By now you’ve probably plowed through the last remaining bits of pumpkin pie and turkey legs, but with Christmas right around the corner, your fridge will most likely become stocked with even more holiday leftovers (thanks Mom). Score. But, if you’re sick of re-heating all those yams and broccoli, look no further than my inspiration from Roebling Tea Room.
While most leftover recipes ideas are for lunch or dinner, this recipe is designed for breakfast (or, if you like, breakfast for dinner). It’s an interesting and delicious twist on a classic holiday dish, and, the recipe couldn’t be easier.
Holiday Breakfast Remix
- Leftover mashed potatoes (sans gravy)
- 1 tsp. butter
- Splash of milk
- 1 egg
- 2 slices of bread
- Dijon mustard
- Shredded cheese of your choice (optional)

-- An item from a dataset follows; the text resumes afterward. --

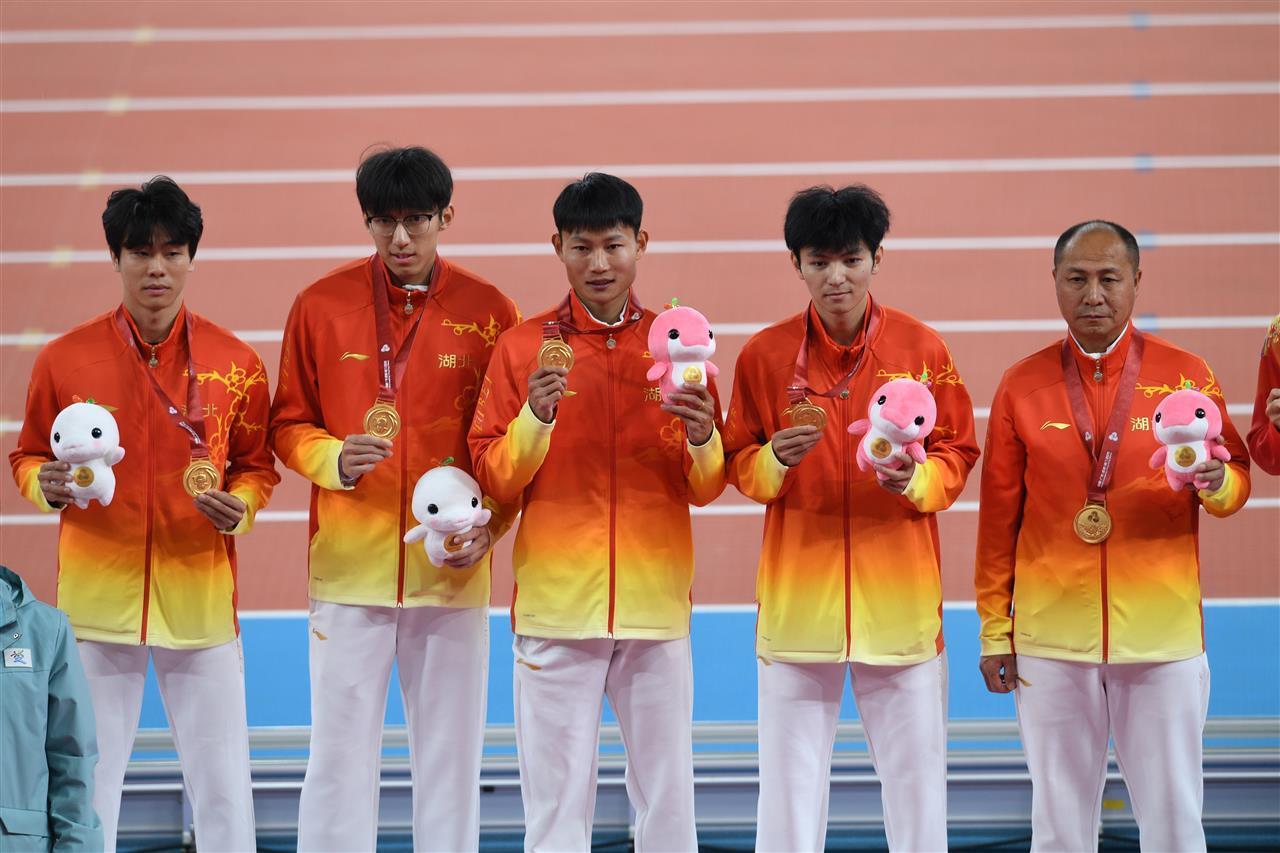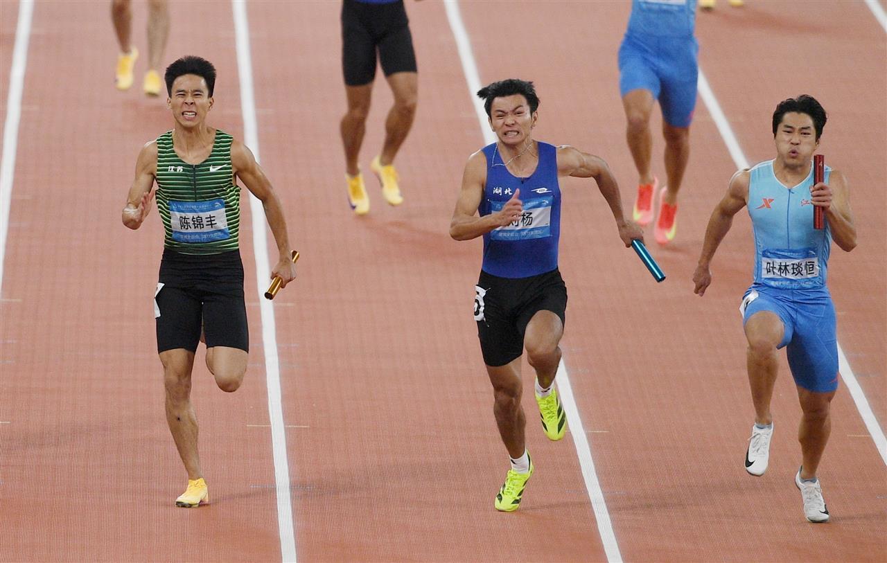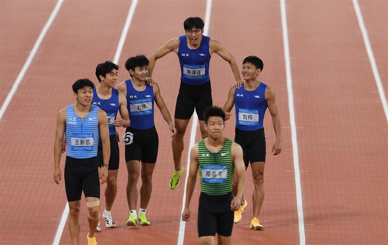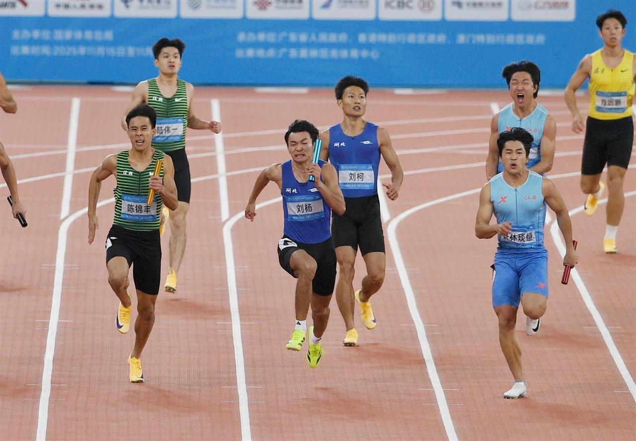 男子4×100米接力决赛在女子4×100米接力决赛后进行,湖北男队登场时,湖北女队已斩获冠军。男子百米接力的决赛也是星光璀璨,由“新科百米飞人”李泽洋领衔,李孟源、刘柯、刘杨组成的湖北队,与江西队、江苏队展开激烈角逐。36岁的男子百米亚洲纪录保持者、广东队选手苏炳添的谢幕之战,更为这场比赛增添了特殊意义。

Melt a pat of butter in a non stick saucepan. Add mashed potatoes and a splash of milk and heat until potatoes are warmed. Add shredded cheese, mix with potatoes until combined and remove from heat. In a separate pan, cook an egg sunny side up or over easy (your choice). Take 2 pieces of toast, a bagel, or whatever you have around the house (Roebling uses a sesame bun that is heavenly, but anything will do). Spread mustard on the bread (I went with a combo of Dijon and spicy brown), and follow with the mashed potatoes. Place the egg on top, and voilà. Pair with a little hair of the dog, and you have breakfast.